EXISTS and NOT EXISTS
The EXISTS
predicate is one of the most common predicates used to build conditions that use noncorrelated and correlated subqueries. Use EXISTS
to identify the existence of a relationship without regard for the quantity. For example, EXISTS
returns true if the subquery returns any rows, and [NOT] EXISTS
returns true if the subquery returns no rows.
[NOT] EXISTS
subqueries take the following form:
expression [ NOT ] EXISTS ( subquery )
The EXISTS
condition is considered to be met if the subquery returns at least one row. Since the result depends only on whether any records are returned, and not on the contents of those records, the output list of the subquery is normally uninteresting. A common coding convention is to write all EXISTS
tests as follows:
EXISTS (SELECT 1 WHERE ...)
In the above fragment, SELECT 1
returns the value 1 for every record in the query. If the query returns, for example, five records, it returns 5 ones. The system doesn't care about the real values in those records; it just wants to know if a row is returned.

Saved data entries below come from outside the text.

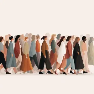 «Create an elegant and minimalist illustration featuring a crowd...»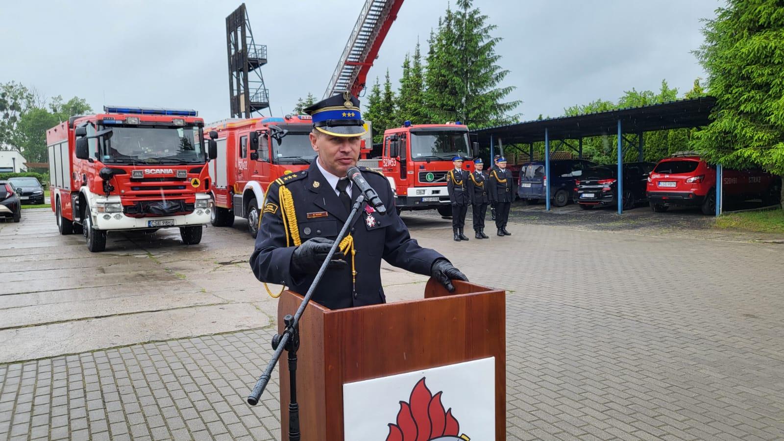 W dniu 23 maja 2024 r. w Komendzie Powiatowej Państwowej Straży Pożarnej w Sępólnie Krajeńskim odbyła się uroczystość obchodów Dnia Strażaka. Wśród licznie przybyłych gości obecni byli: Zastępca Kujawsko-Pomorskiego Komendanta Wojewódzkiego Państwowej Straży Pożarnej starszy brygadier Marek Rusoń, Anna Tabuła dyrektor biura poselskiego Pani Iwony Kozłowskiej Posłanki na Sejm Rzeczypospolitej Polskiej, Wicestarosta Powiatu Sępoleńskiego Andrzej Marach, Komendant Powiatowy PSP w Tucholi bryg. Arkadiusz Kroll, Komendant Powiatowy PSP w Chojnicach bryg. Henryk Koźlewicz, Prezes Zarządu Oddziału Powiatowego Związku Ochotniczych Straży Pożarnych RP w Sępólnie Krajeńskim dh Artur Cetnarski, Przewodniczący Rady Powiatu Marek Chart, Komendant Powiatowy Policji nadkom. Marcin Szulczyk, Burmistrzowie i samorządowcy z Kamienia Krajeńskiego, Sępólna Krajeńskiego, Więcborka, Wójt Gminy Sośno, nadleśniczowie, prezesi i komendanci gminni OSP, przedstawiciele zaprzyjaźnionych firm, prasy i mediów oraz pracownicy i funkcjonariusze Komendy Powiatowej PSP w Sępólnie Krajeńskim. Nie zabrakło również grupy strażackich emerytów.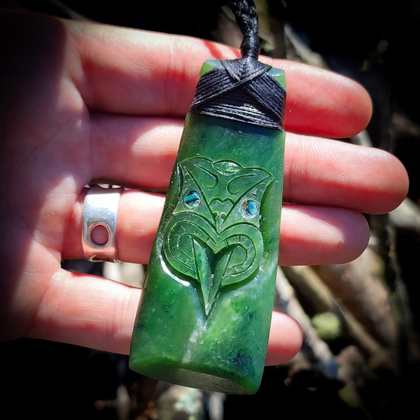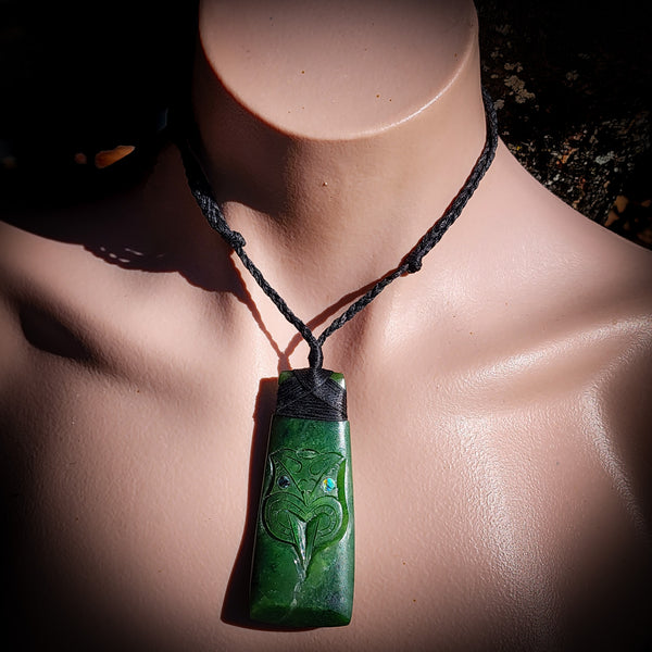 Description: Natural NZ Greenstone / Pounamu carved Toki pendant necklace with etched Taniwha & Paua Eyes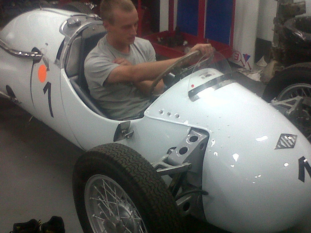 More photos: First, this is me in a 1950s Kieft Formula 3 car, as raced by Stirling Moss no less! Complete with his signature on the dash. Very cool. The shop have just finished rebuilding it. More info about these cars here: http://www.localhistory.scit.wlv.ac....Cars/Kieft.htm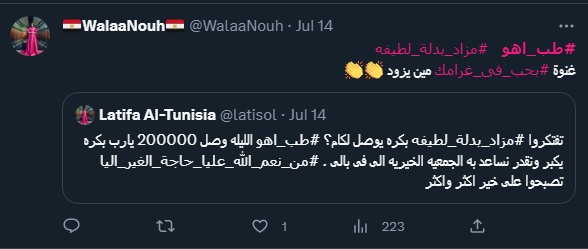 تفاعلت الفنانة التونسية لطيفة مع الفكرة، وقامت بنشر المزاد عبر صفحتها الرسمية على موقع تويتر، ودونت هشتاج "طب اهو"، ليشارك جمهورها بكثافة، إذ قررت أن تتبرع بالمبلغ للأعمال الإنساني ودعم عدد من الجمعيات الخيرية، إذ كتبت عبر صفحتها على تويتر: "تفتكروا ‎مزاد بدلة لطيفه بكره يوصل لكام؟، "‎طب اهو"، الليله وصل 200000 يارب بكره يكبر ونقدر نساعد به الجمعيه الخيريه اللي فى بالى".

Alternatively, a subquery’s select list that uses EXISTS
might consist of the asterisk (*). You do not need to specify column names, because the query tests for the existence or nonexistence of records that meet the conditions specified in the subquery.
EXISTS (SELECT * WHERE ...)
Notes
-
If
EXISTS (
subquery
)
returns at least 1 row, the result is TRUE. -
If
EXISTS (
subquery
)
returns no rows, the result is FALSE. -
If
NOT EXISTS (subquery)
returns at least 1 row, the result is FALSE. -
If
NOT EXISTS (subquery)
returns no rows, the result is TRUE.
Examples
The following query retrieves the list of all the customers who purchased anything from any of the stores amounting to more than 550 dollars:
=> SELECT customer_key, customer_name, customer_state
FROM public.customer_dimension WHERE EXISTS
(SELECT 1 FROM store.store_sales_fact
WHERE customer_key = public.customer_dimension.customer_key
AND sales_dollar_amount > 550)
AND customer_state = 'MA' ORDER BY customer_key;
customer_key | customer_name | customer_state
--------------+--------------------+----------------
14818 | William X. Nielson | MA
18705 | James J. Goldberg | MA
30231 | Sarah N. McCabe | MA
48353 | Mark L. Brown | MA
(4 rows)
Whether you use EXISTS or IN subqueries depends on which predicates you select in outer and inner query blocks. For example, to get a list of all the orders placed by all stores on January 2, 2003 for vendors with records in the vendor table:
=> SELECT store_key, order_number, date_ordered
FROM store.store_orders_fact WHERE EXISTS
(SELECT 1 FROM public.vendor_dimension
WHERE public.vendor_dimension.vendor_key = store.store_orders_fact.vendor_key)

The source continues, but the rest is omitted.